Now being a *good* pen-tester... That's the real distinction. It's one thing
to be comfortable and proficient with pen-test tools (nessus, Core IMPACT,
Metasploit, webinspect, password tools.. the list is long) so that you can
present reliable results and recommendations. It's another thing entirely to
take those tools and wring every last ounce of performance and use from
them. Paul's Mario Andretti metaphor is a good one. The good pen-testers not
only understand and can interpret the information they gather but also
understand in detail the underlying processes and implications of what they
see (or don't see). Being able to infer from a limited dataset what
weaknesses exist and how to fully take advantage of them is not an easy
thing to pick up. It requires time, patience, experience, and a healthy dose
of paranoia. While your coding background will be of help, especially if you
want to code or modify existing exploits or tool modules, it's not as
relevant as understanding the tcp/ip stack or other more basic technical
knowledge... And being able to see the big picture from the bits and pieces
you collect.

The really rare pen-tester not only has the technical chops but can
communicate them in ways that even a 3yr old (or executive heh) could
understand. I've met people with technical depth who can run rings around me
but with very few exceptions couldn't communicate their way out of a wet
paper bag. I've also met people who are effective communicators but wouldn't
know a SYN ACK if it bit them in the nether regions. The ability to take
complex data and present it in an easy to understand format is difficult.
The fun part of pen-testing is the actual pen-testing itself... The hard
part (and the most time consuming) is writing it all down and documenting
the findings.

In my experience the day-to-day of the pen-tester experience can be summed
up pretty easily: "10 minutes of thrills followed by 10 hours of utter
boredom."

Hope that helps.


--
Erin Carroll
Moderator
SecurityFocus pen-test list
"Do Not Taunt Happy-Fun Ball" 


-----Original Message-----
From: Paul Melson [mailto:pmelson () gmail com] 
Sent: Friday, July 28, 2006 12:28 PM
To: rahul.joshi2 () googlemail com
Cc: pen-test () securityfocus com
Subject: RE: What is being a pen tester really like?

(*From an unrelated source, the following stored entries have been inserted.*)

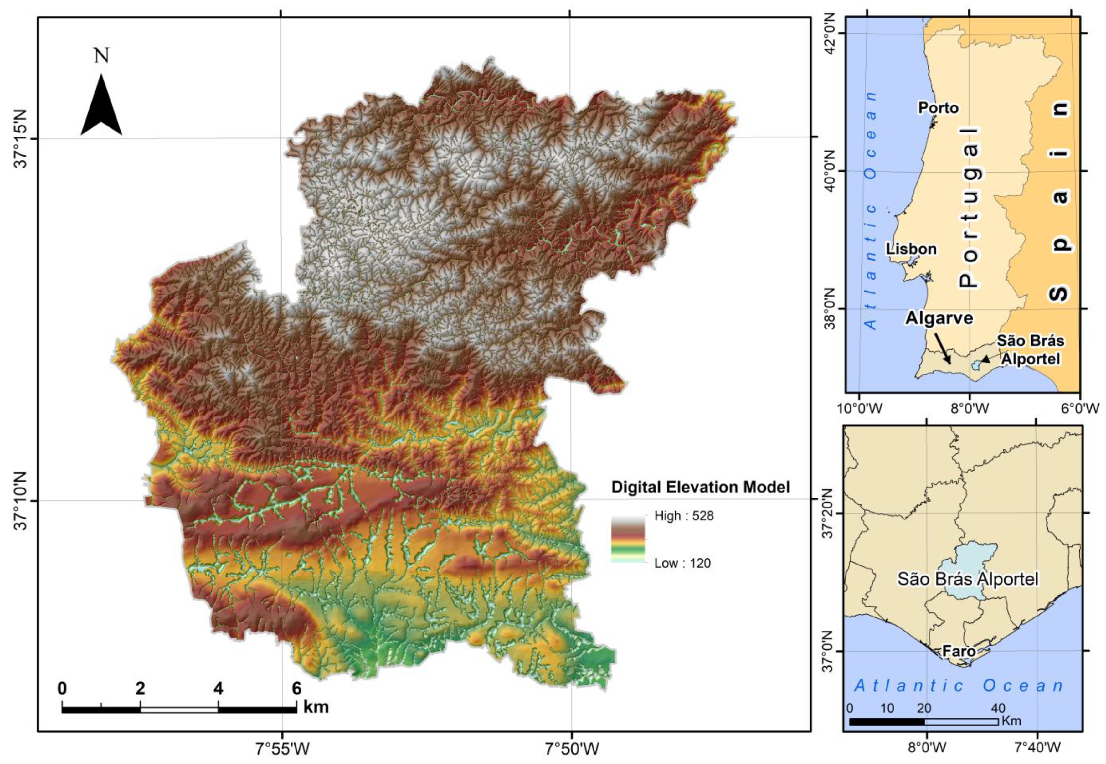 Soils in the Serra are skeletal, agriculturally unsuitable, predominantly schistose, and associated with an irregular relief. By contrast, the Barrocal is underlain by calcareous soils with gentler, less rugged topography, where limestone hills support Mediterranean vegetation [17]. Agricultural activity is therefore viable only within the Barrocal zone.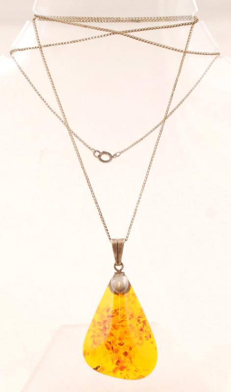 Leírás: Borostyán medál ezüst lánccal / Amber broche, with silver chain 12,6 g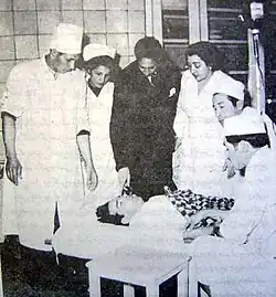 On 15 February 1952, Fatemi was delivering a formal speech at the grave of the journalist Mohammad Masud who had been assassinated in 1948.[9] There Fatemi became the target of an unsuccessful assassination by Mohammad-Mehdi Abdekhodaei of the Fadayan-e Islam, which also had planned to assassinate Mosaddegh.[12][13] In the shooting attack, Fatemi suffered serious injuries which sidelined him for the next seven or eight months, and left permanent wounds.[14]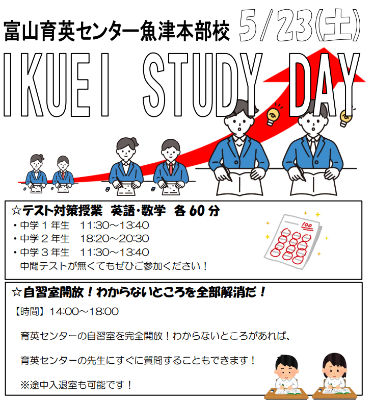 魚津本部校では5/23(土)に【IKUEI STUDY DAY】を開催します。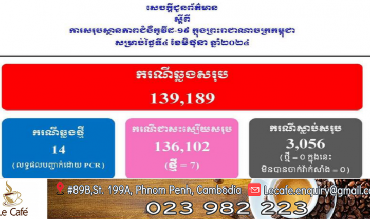 សូមប្រុងប្រយ័ត្នថ្ងៃនេះ! ករណីឆ្លងកូវីដ-១៩៖ មានអ្នកឆ្លងថ្មី ១៤នាក់, មានអ្នកជាសះស្បើយ ០៧នាក់ និងគ្មានអ្នកជំងឺស្លាប់

-----Original Message-----
Subject: What is being a pen tester really like?

rahul.joshi2 () googlemail com wrote:

I am currently a Java developer but I'm seriously thinking 
of changing
paths to 
a career in security and pen testing. 

What I would like to know is what is being a pen tester really like?

Despite what you may have heard, being a successful 
pen-tester (meaning, you get hired and make a living at it) 
is not very hard, nor does it require a lot of very deep 
technical skill.  What it really requires is good verbal and 
written communication skills, the ability to work well with 
clients, and the ability to explain security (even 
inaccurately) in terms of business value.  Do those things, 
and you can be successful.

The dirty truth about pen testers is that most of them have a 
handful of tools and scripts (like Nessus and Retina) and run 
them with the same configs against every customer and have 
the same canned recommendations based on the results that 
their tools spit out.  Hell, most vuln scanners spit out 
their own remediation recommendations for the pen tester to 
simply hand over to their customers.  Additionally, for a pen 
test to have the appearance of being successful, it only 
needs to find some of the vulnerabilities present on a 
network or in an application.  Unlike being a network 
engineer or an sysadmin where your work has to stand up to 
the 24/7 scrutiny of a live environment, being a pen tester 
means only needing to be right more often than you're wrong.  

Not to take away from the skills or experience of any 
individual pen testers out there.  There are some Mario 
Andretti's out there driving school busses, if I may.